AI Legal Insights

This GST case law, Dharmendra M. Jani vs The Union Of India, addresses the constitutional validity of Section 13(8)(b) of the IGST Act, 2017. The Bombay High Court examined whether deeming intermediary services provided to overseas recipients as intra-state supply, and therefore subject to CGST/SGST, was permissible. The core issue revolved around potential violations of constitutional provisions and the IGST Act itself. This judgment has significant implications for businesses engaged in providing intermediary services to clients located outside India, impacting their GST obligations and compliance requirements.

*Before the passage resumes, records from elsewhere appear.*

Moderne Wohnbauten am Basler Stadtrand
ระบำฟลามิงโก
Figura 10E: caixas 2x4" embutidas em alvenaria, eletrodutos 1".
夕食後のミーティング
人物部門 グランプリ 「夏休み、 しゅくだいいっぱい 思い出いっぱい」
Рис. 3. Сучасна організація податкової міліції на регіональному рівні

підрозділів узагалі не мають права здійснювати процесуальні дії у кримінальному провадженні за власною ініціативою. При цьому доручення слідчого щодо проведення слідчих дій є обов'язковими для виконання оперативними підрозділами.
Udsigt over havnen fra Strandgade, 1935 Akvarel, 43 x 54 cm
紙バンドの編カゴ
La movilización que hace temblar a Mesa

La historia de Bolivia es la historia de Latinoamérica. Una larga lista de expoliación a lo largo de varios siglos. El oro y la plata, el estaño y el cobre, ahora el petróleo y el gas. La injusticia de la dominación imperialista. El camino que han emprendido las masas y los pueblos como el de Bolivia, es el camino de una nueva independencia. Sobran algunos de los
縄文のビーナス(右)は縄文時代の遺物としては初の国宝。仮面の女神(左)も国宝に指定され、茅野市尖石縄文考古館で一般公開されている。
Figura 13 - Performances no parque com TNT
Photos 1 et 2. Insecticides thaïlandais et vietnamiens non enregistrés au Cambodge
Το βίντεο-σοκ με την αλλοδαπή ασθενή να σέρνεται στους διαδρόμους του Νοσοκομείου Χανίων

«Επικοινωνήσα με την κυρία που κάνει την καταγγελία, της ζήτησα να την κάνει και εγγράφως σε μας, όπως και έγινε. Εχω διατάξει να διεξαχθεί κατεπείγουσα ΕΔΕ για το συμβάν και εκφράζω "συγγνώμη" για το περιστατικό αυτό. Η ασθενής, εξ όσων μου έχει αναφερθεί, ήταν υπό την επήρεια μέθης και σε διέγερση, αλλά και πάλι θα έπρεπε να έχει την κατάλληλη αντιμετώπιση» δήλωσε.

This ruling provided relief to Indian service providers exporting intermediary services, preventing them from being subjected to CGST and SGST on transactions that should have been treated as zero-rated inter-state supplies. The decision impacts the taxability of various outsourcing services provided from India.

  • Section 13(8)(b) of IGST Act held unconstitutional.
  • Intermediary services to foreign recipients cannot be taxed as intra-state supply.
  • The ruling impacts the place of supply rules for intermediary services.
  • The decision provides clarity on the taxability of export of services under GST.
  • Businesses providing marketing and promotion services to foreign clients benefit.

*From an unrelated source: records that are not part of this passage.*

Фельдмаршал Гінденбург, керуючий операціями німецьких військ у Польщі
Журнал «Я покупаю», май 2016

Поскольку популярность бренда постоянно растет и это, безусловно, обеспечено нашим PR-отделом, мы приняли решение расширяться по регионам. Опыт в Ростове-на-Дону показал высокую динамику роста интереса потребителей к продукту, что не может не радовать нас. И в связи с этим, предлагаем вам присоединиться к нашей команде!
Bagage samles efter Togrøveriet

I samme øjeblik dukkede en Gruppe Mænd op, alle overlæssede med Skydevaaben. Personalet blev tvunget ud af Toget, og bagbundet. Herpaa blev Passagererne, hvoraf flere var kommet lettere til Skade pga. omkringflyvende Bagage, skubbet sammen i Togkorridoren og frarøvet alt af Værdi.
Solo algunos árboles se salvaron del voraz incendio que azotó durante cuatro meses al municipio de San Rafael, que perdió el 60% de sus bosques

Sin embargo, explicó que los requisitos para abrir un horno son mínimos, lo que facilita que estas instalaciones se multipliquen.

QIs Section 13(8)(b) of IGST Act valid?

The Bombay High Court declared Section 13(8)(b) of the IGST Act, 2017, which dealt with the place of supply for intermediary services, as ultra vires the IGST Act and unconstitutional.

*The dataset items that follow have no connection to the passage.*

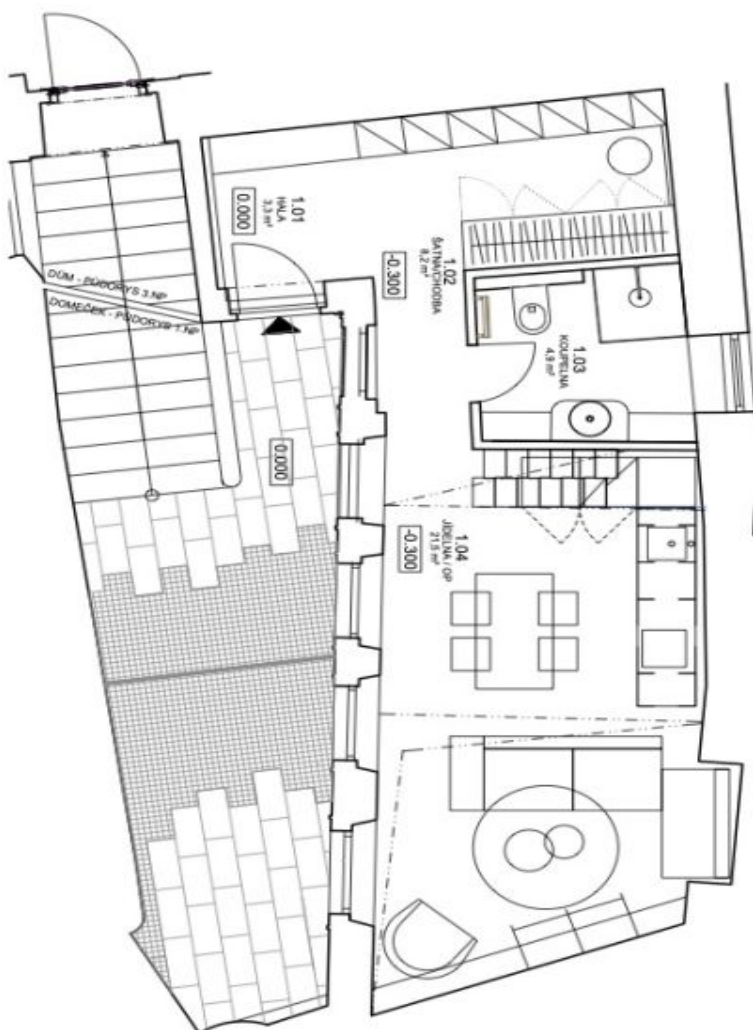
DOMEČEK - PŮDORYS 1.NP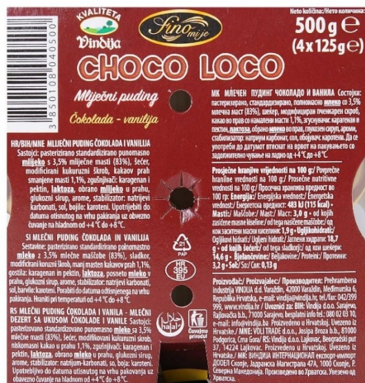
Slika 8. Označavanje Fino mi je Choco Loco mlijecnog pudinga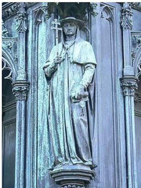
Socha Jana Očka z Vlašimi na podstavci pomníku Karla IV. na Křížovnickém nám. V Praze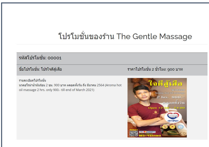
ภาพที่ ก.3 โปรโมชั่นที่จัดอยู่

หน้าเกี่ยวกับเราแสดงรายละเอียดเกี่ยวกับการให้บริการของร้าน ราคาในการให้บริการ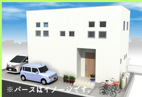
※パースはイメージです。

■土地面積:101.97㎡(30.84坪) ■建物面積: 81.14㎡(24.54坪)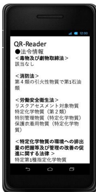
結果表示画面 (例：ベンゼン)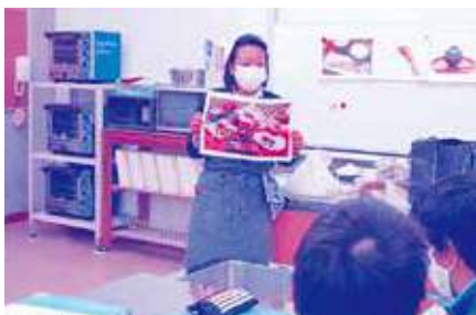
どんなか川(飲食店)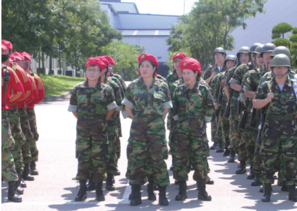
당진 여성예비군 창설, 국가안보의 첨병으로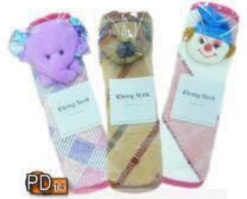
PD14 ปกจับตุ๋นเย็น 25.-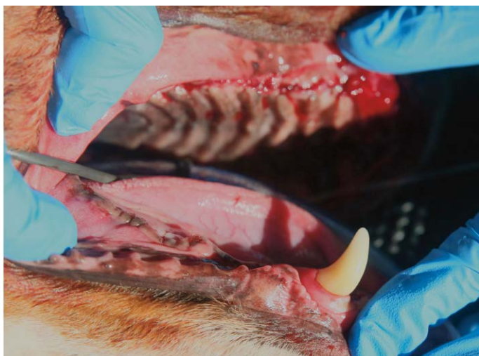
Deze hond had een zeer slecht gebit. De grote hoeveelheid tandsteen veroorzaakte zoveel ontstekingen dat bijna alle tanden getrokken moesten worden.

kunnen hoektanden en kiezen afbreken. Een afgebroken kies moet in veel gevallen getrokken worden. Afgebroken hoektanden kunnen, afhankelijk van de breuk, soms behouden blijven door een wortelkanaalbehandeling uit te voeren. Naast breken kunnen tanden ook afslijten. Tennisballen bijvoorbeeld, geven met een klein beetje zand hetzelfde effect als schuurpapier. Ook door kauwen op hard speelgoed kunnen de kiezen en hoektanden beetje bij beetje afslijten. Dit is over het algemeen een langzaam proces waardoor het leven van de tand zich steeds verder terugtrekt. Er blijven kleine afgestompte tanden over. Als het afslijten te snel verloopt kan het leven van de tand bloot komen te liggen. Dit doet pijn en er ontstaat een infectierisico. Op dat moment zal de tand zeker getrokken moeten worden.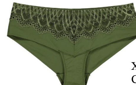
XS-XXL CHF 49.90

QWhat are intermediary services under GST?

Under GST, intermediary services generally refer to arranging or facilitating the supply of goods or services between two or more persons. The place of supply rules for these services have been subject to litigation, particularly when the service recipient is located outside India.

⚖ Headnote
Section 13(8)(b) of the IGST Act, 2017, which deemed intermediary services provided to recipients outside India as intra-state supply, was declared ultra vires the IGST Act and unconstitutional by the Bombay High Court.

Ruling Summary

Here's a summary of the judgment Dharmendra M. Jani vs The Union Of India And 3 Ors delivered by the Bombay High Court:


  1. Outcome
    The Bombay High Court (majority opinion by Ujjal Bhuyan, J.) allowed the writ petition, declaring Section 13(8)(b) of the Integrated Goods and Services Tax Act, 2017 (IGST Act) as ultra vires the IGST Act itself and unconstitutional. (A dissenting opinion by Abhay Ahuja, J., held the provisions to be constitutionally valid).

  2. Core Issue
    The core issue was the constitutional validity of Section 13(8)(b) and Section 8(2) of the Integrated Goods and Services Tax Act, 2017 (IGST Act), specifically whether these provisions, by deeming "intermediary services" provided to recipients outside India as "intra-state supply" liable to CGST and SGST, violated Articles 14, 19(1)(g), 245, 246, 246A, 269A, and 286 of the Constitution of India, and were ultra vires the IGST Act, Central Goods and Services Tax Act, 2017 (CGST Act), and Maharashtra Goods and Services Tax Act, 2017 (MGST Act).

  3. Key Facts

    • The Petitioner, Dharmendra M. Jani, operating as M/s. Dynatex International, provides marketing and promotion services to foreign customers (principals) located outside India.
    • The overseas customers export goods to Indian importers. The Indian importers directly place orders with the overseas customers and remit sale proceeds to them.
    • Upon receipt of payment from the Indian importers, the overseas customers pay commission to the Petitioner in India, in convertible foreign currency.
    • The Petitioner is registered as a supplier under the CGST Act and is considered an "intermediary" under Section 2(13) of the IGST Act.
    • The Petitioner considered these services as "export of services" under Section 2(6) of the IGST Act.
    • However, Section 13(8)(b) of the IGST Act specifies that for "intermediary services," the "place of supply" is the "location of the supplier of services" (i.e., in India). Read with Section 8(2) of the IGST Act, this resulted in the Petitioner's services being treated as "intra-state supply" subject to CGST and SGST.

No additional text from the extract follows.